Donn’Albina, Donna Regina e Donna Romita

La leggenda racconta che per via Mezzocannone vaghino senza sosta oi fantasmi di tre fanciulle di altri tempi: Donn’Albina, Donna Regina e Donna Romita, figlie del barone Toraldo, nobile del Sedile di Nilo, e di Donna Gaetana Scauro, morta in giovane età. Il barone ottenne dal re Roberto d’Angiò di perpetuare il nome dei Toraldo tramite Donna Regina perché non se ne perdesse memoria, pur essendo donna. Nel 1320, anche il barone Toraldo morì; Donna Regina aveva 19 anni, Donn’Albina ne aveva 17 e Donna Romita solo 15. La primogenita, forse perché investita delle responsabilità di capofamiglia, aveva un aspetto serio ed austero; bellissima, ma mai sorridente, bruna e con gli occhi scuri, aveva un carattere carismatico ed era più matura della sua età. Le sue parole erano legge per le altre due sorelle. La seconda aveva una pelle candida, da cui il suo nome, era generosa e sorridente. Capelli chiari e occhi azzurri la rendevano eterea e delicata, dolce e cordiale; era lei che si occupava della casa, della servitù e che dispensava consigli. Infine, la terza sorella, la più piccola, con i suoi capelli ricci e biondi, era poco più che una bambina ed era quella che risentiva di più della morte dei genitori. Ora capricciosa e irascibile, ora dolce spensierata, incarnava la vivacità della sua età.
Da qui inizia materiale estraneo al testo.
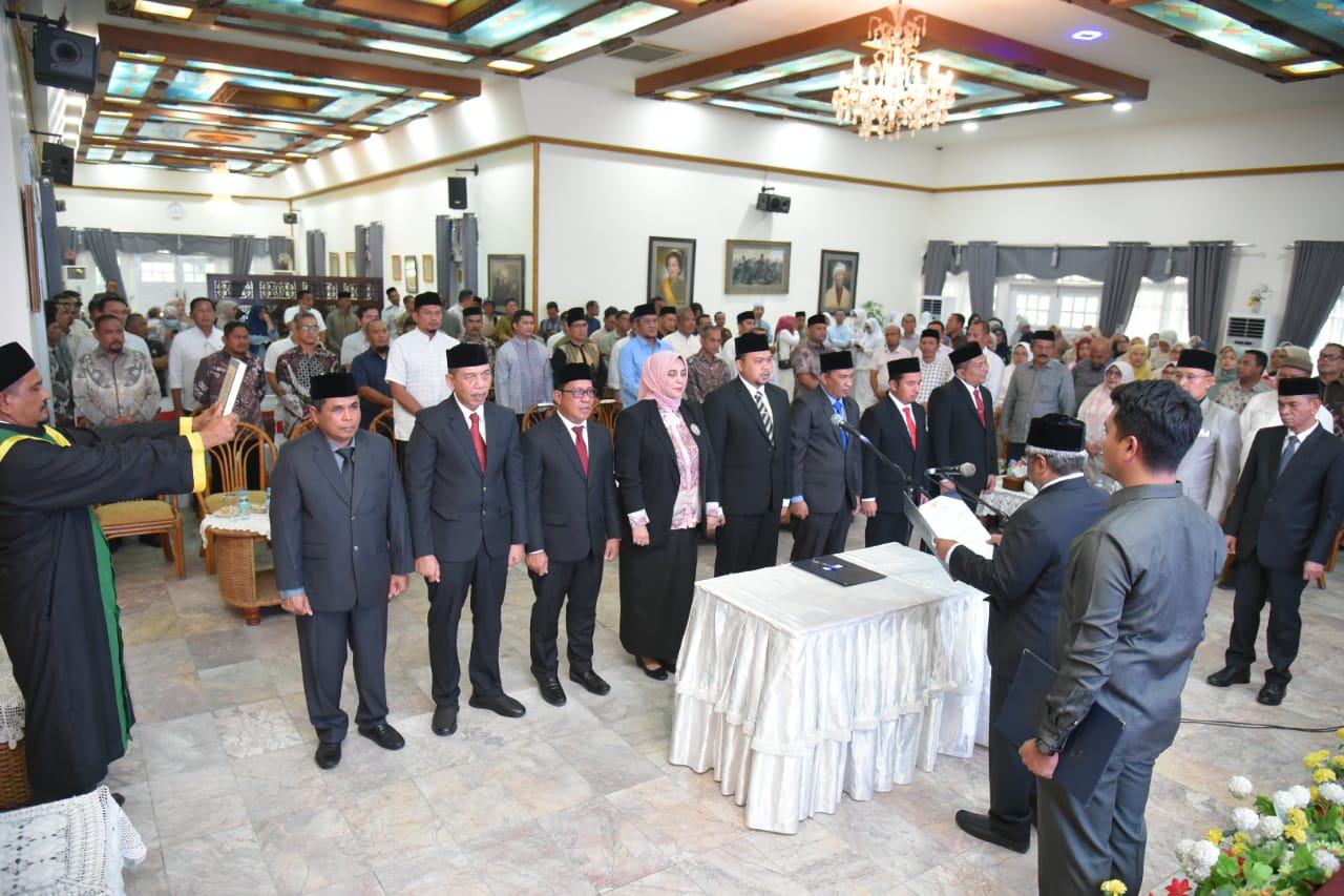 MERDEKABICARA.COM | ACEH UTARA -Penjabat Bupati Aceh Utara Dr Mahyuzar, MSi, melantik dan mengambil sumpah delapan pejabat pada Jabatan Pimpinan Tinggi (JPT) Pratama atau setara Eselon II yang menduduki jabatan Kepala Dinas, Badan, dan Asisten.

Le tre sorelle vivevano nel rispetto e nell’amore l’una dell’altra fino al momento in cui Roberto d’Angiò decise di dare in sposa Donna Regina ad un cavaliere del regno, tale Don Filippo Capece, uomo galante e di bell’aspetto, spesso circondato da varie fanciulle che tentavano di portarlo all’altare.

Un giorno, Donn’Albina si presentò al cospetto di Donna Regina per dirle che Donna Romita non stava bene, che si struggeva d’amore. Quando la maggiore le impose di rivelarle il nome dell’uomo di cui era innamorata, Donn’Albina dovette confessarle che si trattava di Don Filippo Capece, il suo futuro sposo. Donna Regina si sentì gelare e capì che anche l’altra sorella era innamorata del cavaliere, così come lo era perfino lei stessa. Il destino beffardo le aveva fatte innamorare dello stesso uomo. Da quel momento, le tre fanciulle cominciarono a vivere nel palazzo evitandosi accuratamente; dove avevano regnato il rispetto e l’amore ora invece dominavano il rancore, il dolore e il pianto.
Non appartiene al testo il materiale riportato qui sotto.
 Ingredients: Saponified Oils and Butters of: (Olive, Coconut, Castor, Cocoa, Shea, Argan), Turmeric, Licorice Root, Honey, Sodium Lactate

Arrivò dunque la Pasqua; le due sorelle minori, dopo giorni trascorsi nell’angoscia, chiesero di vedere la maggiore e di parlarle. Fu Donn’Albina a parlare per entrambe e, dopo aver chiesto perdono, palesò la volontà di tutte e due di prendere il velo, poiché Don Filippo era indifferente a Donn’Albina e, sebbene amasse Donna Romita, non poteva sposarla perché destinato a Donna Regina. Allora anche Donna Regina confessò di amare Don Filippo ma non poterlo sposare perché lui la odiava e quindi di aver deciso anche lei di prendere i voti. Abbracciate le sorelle e messo da parte ogni rancore, Donna Regina prese lo scettro di legno di suo padre e lo spezzò davanti al suo ritratto, decretando la fine della dinastia.

La leggenda narra ancora che le tre sorelle fondarono ognuna un monastero con la dote paterna: Donna Regina fondò il monastero adiacente la Chiesa di Donnaregina Vecchia, il complesso conventuale più antico della città, risalente all’VIII secolo e conosciuto allora con il nome di Convento di San Pietro a Monte di Donnaregina; oggi ospita il Museo Diocesano. Donn’Albina fondò il monastero presso la Chiesa di Santa Maria Donnalbina, esistente in zona Monteoliveto già dal IX secolo. Infine, Donna Romita fondò il suo monastero presso la Chiesa di Santa Maria Donnaromita, oggi sconsacrata, nel quartiere Porto.